Art.2. De statistiek wordt opgemaakt op grond van de inlichtingen verstrekt met behulp van het vragenformulier dat met het bij dit besluit gevoegd model overeenstemt, door de hoofden van de in artikel 1 bedoelde ondernemingen en instellingen, of door de daartoe aangestelde persoon.

Art.3. De in artikel 2 bedoelde personen moeten zich bij het Nationaal Instituut voor de Statistiek iedere maand de nodige exemplaren van het vragenformulier aanschaffen, die hun kosteloos verstrekt worden.

Art.4. De behoorlijk ingevulde vragenformulieren moeten aan het Nationaal Instituut voor de Statistiek worden toegezonden vóór de 15e van de maand volgend op deze waarop de inlichtingen betrekking hebben.
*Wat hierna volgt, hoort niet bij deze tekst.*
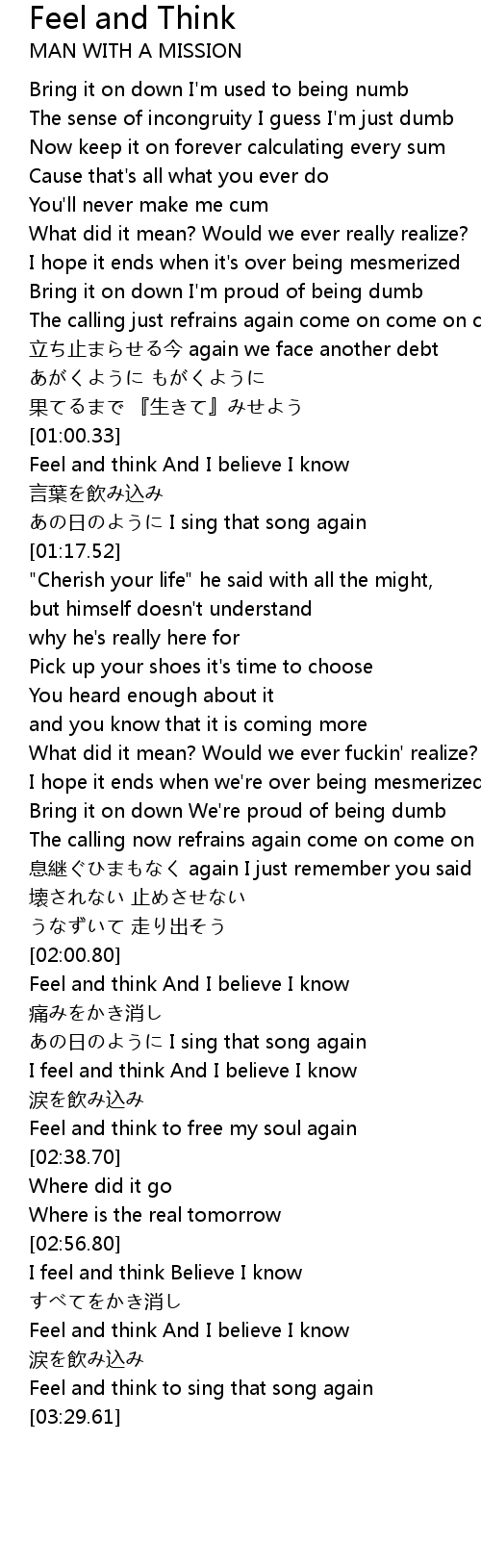 | [00:37.97] | The calling just refrains again come on come on come on |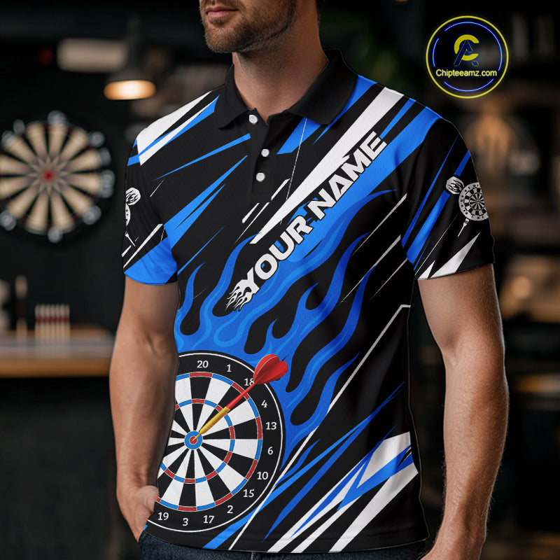 Blue Dartboard Flame Custom Dart Shirts For Men, Darts Team Jerseys Polo & Quarter Zip Shirts TDM4004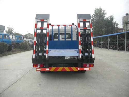 华通牌HCQ5186TPBCQ5型平板运输车在外观上稳重大气,整车外形尺寸为8650,9000×2550×3100(mm),罐体采用优质碳钢板材一次卷压成型的制造工艺,电脑专控自动成型封头,内外满焊对接,完全做到无缝成型。罐体可分仓,仓内可分室,中间隔板下端有通孔,每仓中间焊有分仓加强波隔板,以减轻车辆行驶时罐体内油料的冲击和提高罐体的刚度。整车还配有油气回收阀,防溢流探杆,流量计,呼吸阀,海底阀灭火器等等安全部件,有效保障运油的安全。
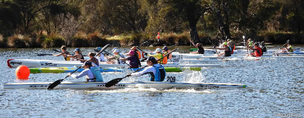 After we finished racing on Saturday at the State Marathon Champs, 5 of the big red buoys that we have to mark out the course were stolen. This wasn't realised until Sunday morning day two of the event so some quick action had to be taken to get the course ready for the doubles racing. So watch out for 5 red buoys floating around with club or marathon names on them. Otherwise the weekend event went off really well.
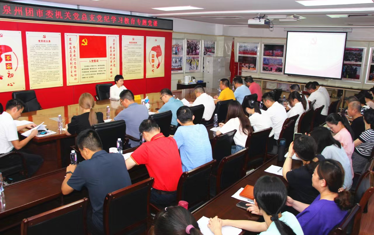 6月26日上午,泉州团市委书记张井丽以《学党纪永葆清澈纯粹 重实践展现青春担当》为题,为机关及下属事业单位全体党员讲授党纪学习教育专题党课。
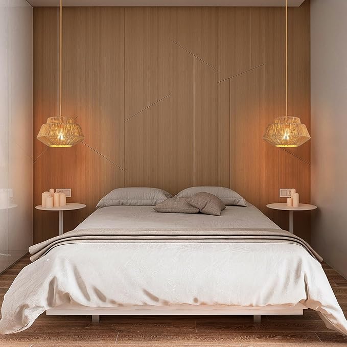 • Wide Application: Elegant Boho pendant light fixtures combined with hand-woven paper rattan cages to match the perfect vintage appearance. Rich Bohemian style and modern styles are gathered on chandeliers for dining room, this kitchen light fixtures can be matched with various Bohemian styles, Perfect rattan light fixtures are suitable for bedrooms, kitchens, living rooms, rooms, kitchen islands, and foyers. The light fixture is perfect for enhancing any space with warmth and charm
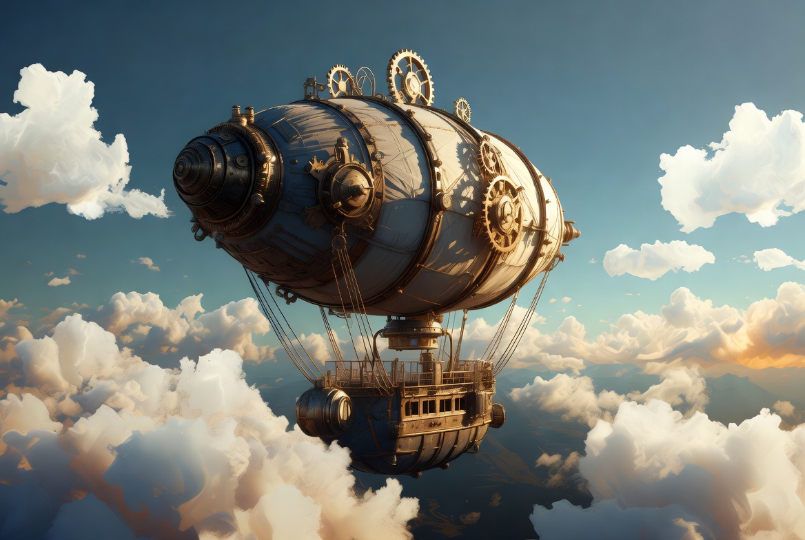 A detailed steampunk airship with brass gears, pipes, and mechanical details floats through fluffy white clouds. The elongated balloon and gondola feature intricate metallic designs against a sunset sky. It drifts gracefully in a fantastical aerial scene.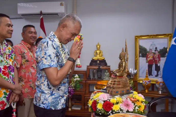 พลอากาศตรี กฤษณ์ เกตุรักษ์ ผู้อำนวยการสำนักงานพัฒนาระบบราชการกองทัพอากาศ เป็นประธานในพิธีสรงน้ำพระ และรดน้ำขอพรผู้บังคับบัญชา เนื่องในประเพณีสงกรานต์ ประจำปี 2569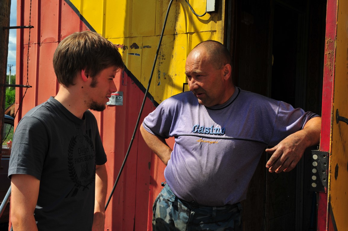 Die Nacht zurück in Irkutsk war aufregend, weil die Ersatzteillieferung alles andere als sicher war und ich konnte deshalb wenig schlafen. Zunächst rief mich Egon gegen Mitternacht an und teilte mir mit, dass die Teile von VW Klassikparts in Moskau hängen geblieben waren. Damit war Heinrich unsere letzte Hoffnung, dass er es mit seinen zwei Torsionsstäben nach Irkutsk schafft. So gegen 2 Uhr nachts rief mich Heinrich dann aus Moskau an: Er sei durch den Zoll und steige nun in den Flieger nach Irkutsk um, mit seinem Gepäck. Das war gute Nachricht und ich konnte etwas einschlafen. Am Morgen fuhren wir erstmal zur Werkstatt, in der mein 49er stand und bereiteten alles für den Einbau der beiden Torsionsstäbe vor. Wir entschlossen uns, unsere Autos zu waschen und Egon reinigte den T5 gleich in der Werkstatt. So gegen 10:30 Uhr fuhr mich Alexey (der Geschäftsführer der Werkstatt) zum Flughafen, um Heinrich abzuholen. Ich hatte bereits online gecheckt, dass der Flieger aus Moskau pünktlich sein würde. Die Erleichterung war gross, als Heinrich rauskam, noch grösser, als sein Koffer mit der kritischen Ware auch angekommen war. Dann sofort zur Werkstatt und innerhalb von 45 Minuten waren die beiden Torsionstäbe eingebaut und der Wagen wieder fahrbereit.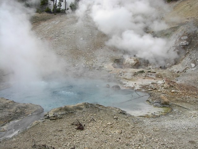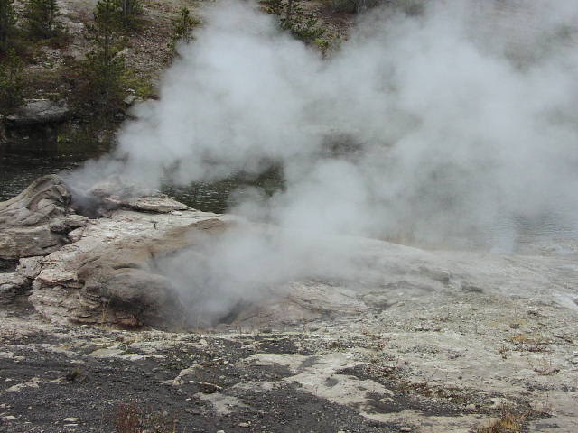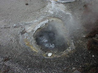 Faithful間欠泉以外にはひとつも名前なんかチェックしませんでしたので、すべて名前不明なのです。それではあまりにショウもない紹介になりそうだったので、擬声語擬態語で表現してみました。笑 |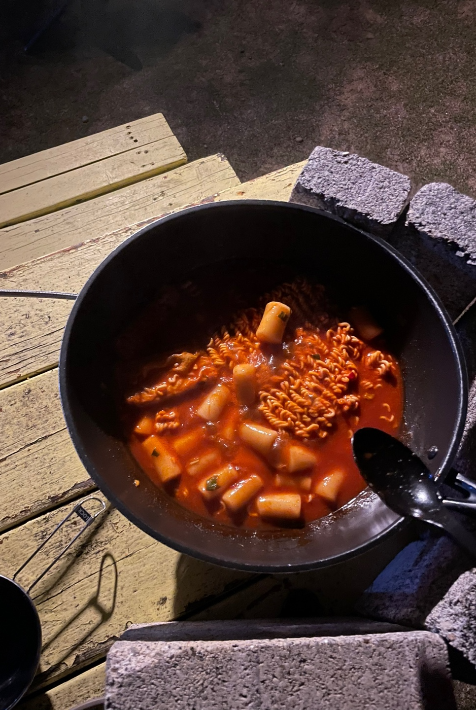 야식으로 라볶이를 먹고 서로의 이런저런 얘기를 했다. 같은 처지여서 서로 공감할 얘기가 많았다. 아 그리고 살고 싶어서 5분에 한 번씩 벌레기피제를 몸에 뿌려댔다. 그렇게 한두 시간쯤 있다가 먹은 걸 정리하기 시작했다. 역할을 나누지도 않았는데 각자 할 일을 찾아서 하고 분업이 잘 됐던 거 같다. 진짜 한 5분? 만에 다 치웠다!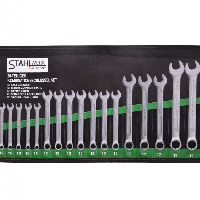 Ontdek de eersteklas kwaliteit van de Stahlwerk Germany SW2 steeksleutelset, gemaakt van superieur chroom-vanadium voor ultieme duurzaamheid en kracht. Deze set bestaat uit 20 steeksleutels, netjes georganiseerd in een stevige map voor eenvoudige opslag en vervoer.

Art.5. Onverminderd het bepaalde in artikel 2, b en c, van de wet van 4 juli 1962, mogen de door dit onderzoek bekomen individuele inlichtingen uitsluitend door het Nationaal Instituut voor de Statistiek benut worden voor het opmaken van globale en naamloze statistieken.

Art.6. Overtreding van de bepalingen van dit besluit wordt opgespoord, vastgesteld, vervolgd en gestraft overeenkomstig het bepaalde in de artikelen 19 tot 23 van de wet van 4 juli 1962.

Art.7. Onze Vice-Eerste Minister en Minister van Economische Zaken is belast met de uitvoering van dit besluit.